_WHAT YOU WILL DO_: Write out exactly the lines below starting at the one containing "на вопросы викторины." and ending at the one containing "结合公司最新公告,我们维持盈". Omit every picture.

Start of INFORMATION

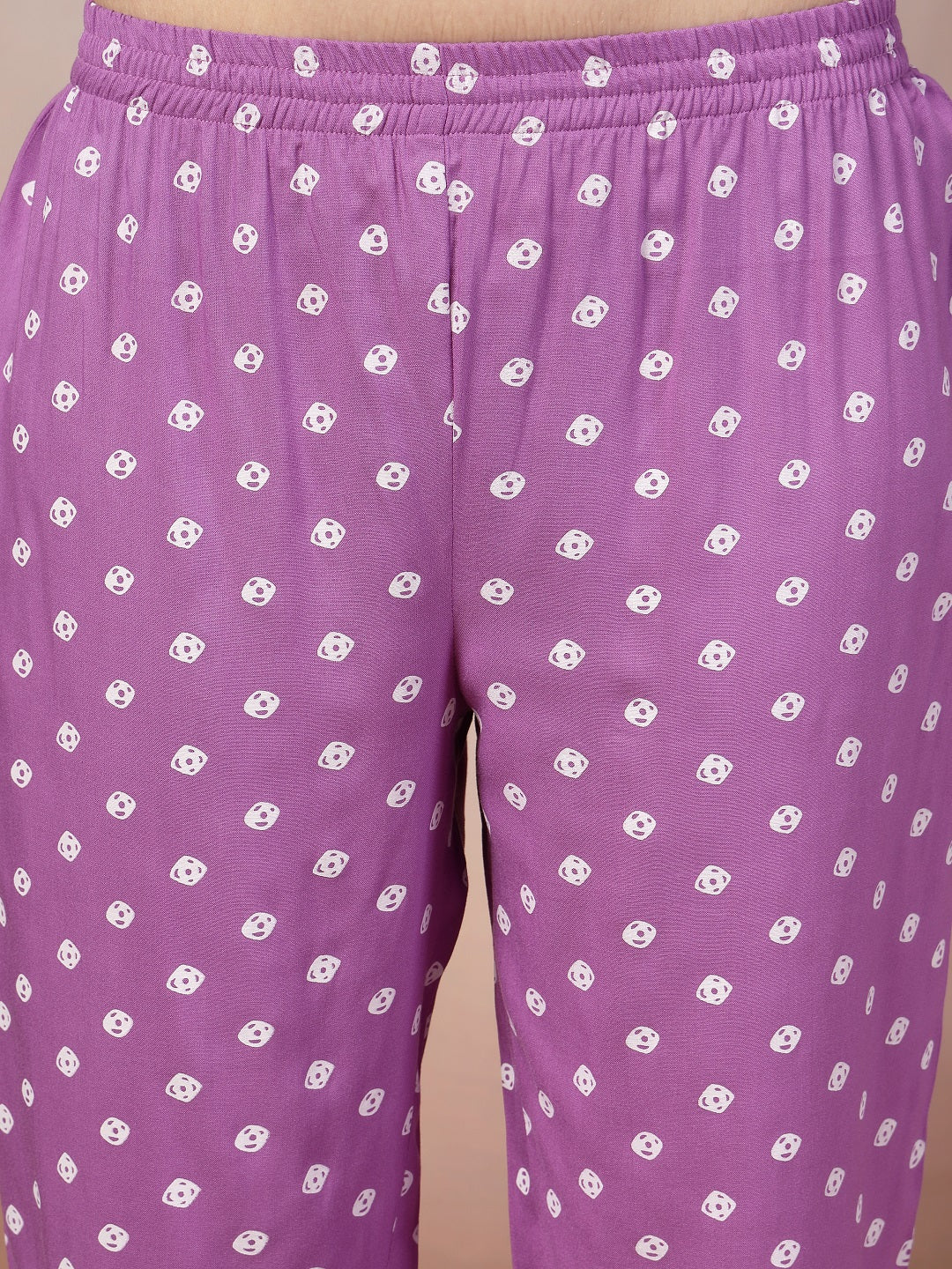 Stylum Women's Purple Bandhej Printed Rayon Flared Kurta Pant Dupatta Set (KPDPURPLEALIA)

End of INFORMATION
Start of INFORMATION

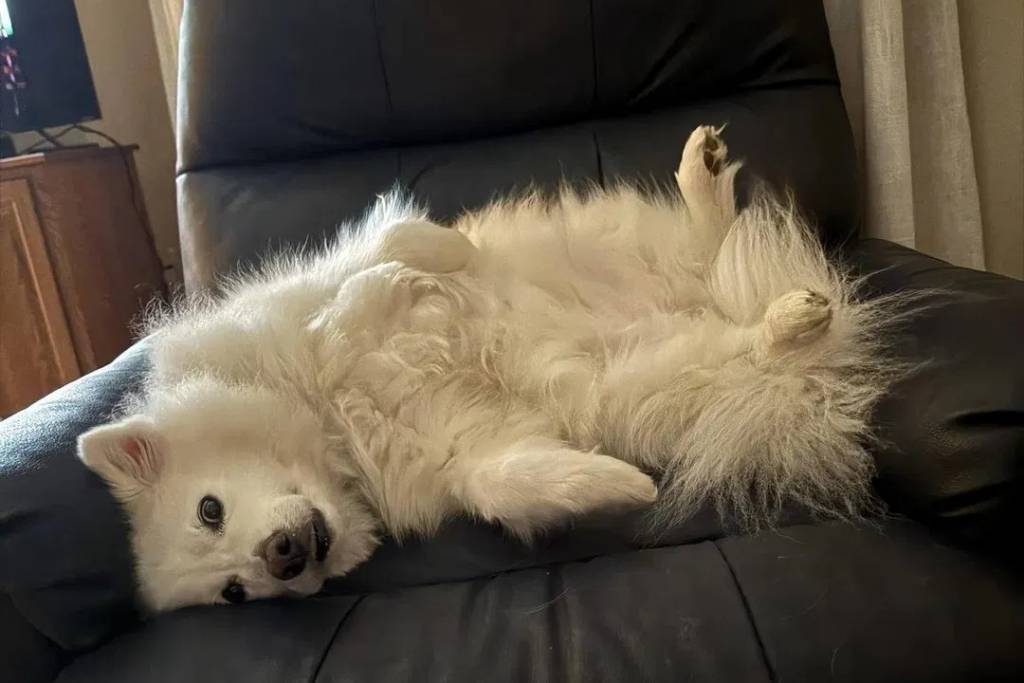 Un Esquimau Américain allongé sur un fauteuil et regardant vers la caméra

End of INFORMATION
Start of INFORMATION

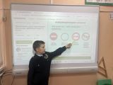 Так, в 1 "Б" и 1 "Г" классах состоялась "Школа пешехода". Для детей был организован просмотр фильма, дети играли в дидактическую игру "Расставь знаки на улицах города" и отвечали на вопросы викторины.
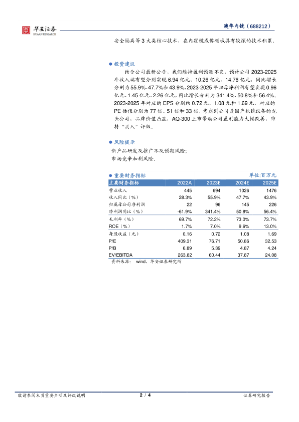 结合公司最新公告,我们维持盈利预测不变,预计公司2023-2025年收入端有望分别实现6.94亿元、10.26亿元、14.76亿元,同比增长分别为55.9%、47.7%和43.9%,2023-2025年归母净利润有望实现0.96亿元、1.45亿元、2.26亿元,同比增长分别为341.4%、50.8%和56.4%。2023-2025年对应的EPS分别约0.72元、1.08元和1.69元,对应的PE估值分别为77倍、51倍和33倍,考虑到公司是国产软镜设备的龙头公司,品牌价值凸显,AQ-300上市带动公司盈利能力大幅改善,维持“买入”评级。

End of INFORMATION

_EXERCISE SOLUTION_:
 Так, в 1 "Б" и 1 "Г" классах состоялась "Школа пешехода". Для детей был организован просмотр фильма, дети играли в дидактическую игру "Расставь знаки на улицах города" и отвечали на вопросы викторины.
 结合公司最新公告,我们维持盈利预测不变,预计公司2023-2025年收入端有望分别实现6.94亿元、10.26亿元、14.76亿元,同比增长分别为55.9%、47.7%和43.9%,2023-2025年归母净利润有望实现0.96亿元、1.45亿元、2.26亿元,同比增长分别为341.4%、50.8%和56.4%。2023-2025年对应的EPS分别约0.72元、1.08元和1.69元,对应的PE估值分别为77倍、51倍和33倍,考虑到公司是国产软镜设备的龙头公司,品牌价值凸显,AQ-300上市带动公司盈利能力大幅改善,维持“买入”评级。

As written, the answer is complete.